Journal of Molecular Biology
Volume 283, Issue 2, 23 October 1998, Pages 507-526
Journal home page for Journal of Molecular Biology

Regular article
Protein structure prediction by threading. why it works and why it does not1

https://doi.org/10.1006/jmbi.1998.2092Get rights and content

Abstract

We developed a novel Monte Carlo threading algorithm which allows gaps and insertions both in the template structure and threaded sequence. The algorithm is able to find the optimal sequence-structure alignment and sample suboptimal alignments. Using our algorithm we performed sequence-structure alignments for a number of examples for three protein folds (ubiquitin, immunoglobulin and globin) using both “ideal” set of potentials (optimized to provide the best Z-score for a given protein) and more realistic knowledge-based potentials. Two physically different scenarios emerged. If a template structure is similar to the native one (within 2 Å RMS), then (i) the optimal threading alignment is correct and robust with respect to deviations of the potential from the “ideal” one; (ii) suboptimal alignments are very similar to the optimal one; (iii) as Monte Carlo temperature decreases a sharp cooperative transition to the optimal alignment is observed. In contrast, if the template structure is only moderately close to the native structure (RMS greater than 3.5 Å), then (i) the optimal alignment changes dramatically when an “ideal” potential is substituted by the real one; (ii) the structures of suboptimal alignments are very different from the optimal one, reducing the reliability of the alignment; (iii) the transition to the apparently optimal alignment is non-cooperative. In the intermediate cases when the RMS between the template and the native conformations is in the range between 2 Å and 3.5 Å, the success of threading alignment may depend on the quality of potentials used.

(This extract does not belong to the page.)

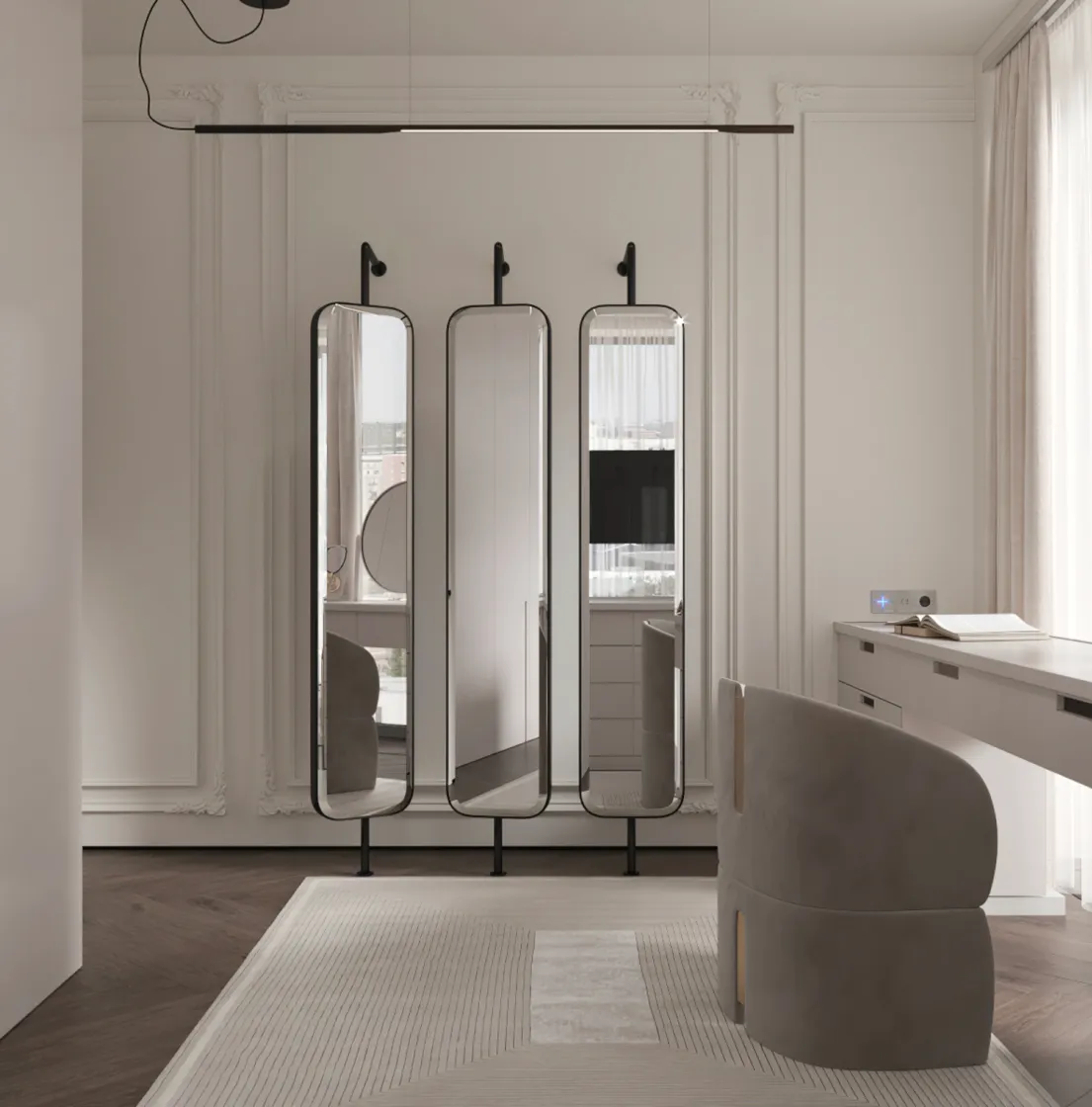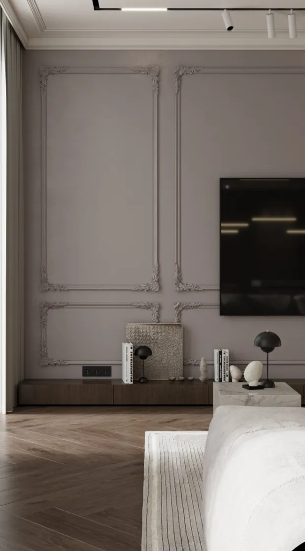 Notable is the detailed paneling on the walls, which adds architectural depth without overwhelming the minimalist decor.

These results are rationalized in terms of a threading free energy landscape. Possible ways to overcome the fundamental limitations of threading are discussed briefly.

Introduction

The problem of predicting protein conformation from sequences is of great importance and has drawn a lot of attention recently (see e.g. Moult et al 1997, Shakhnovich 1997a, Finkelstein 1997, Jones 1997, Levitt 1997) with hundreds of papers from dozens of groups.

A most desirable solution to the problem is to find a model and an algorithm that stimulate folding of a protein pretty much in a way that mimics natural protein folding and converges to the native conformation. While some success along these lines has been documented (Kolinski & Skolnick, 1994), this approach encounters a number of serious technical difficulties, making ab initio structure prediction hardly feasible now and perhaps in the foreseeable future Finkelstein 1997, Ortiz et al 1998, Mirny and Shakhnovich 1996. The main reason for such a reclusion was discussed by Shakhnovich 1997a, Finkelstein 1997, Mirny and Shakhnovich 1996: a “good” folding model must be detailed enough to reproduce energetics faithfully and yet simple enough to be computationally feasible, a blend that has not been reached yet.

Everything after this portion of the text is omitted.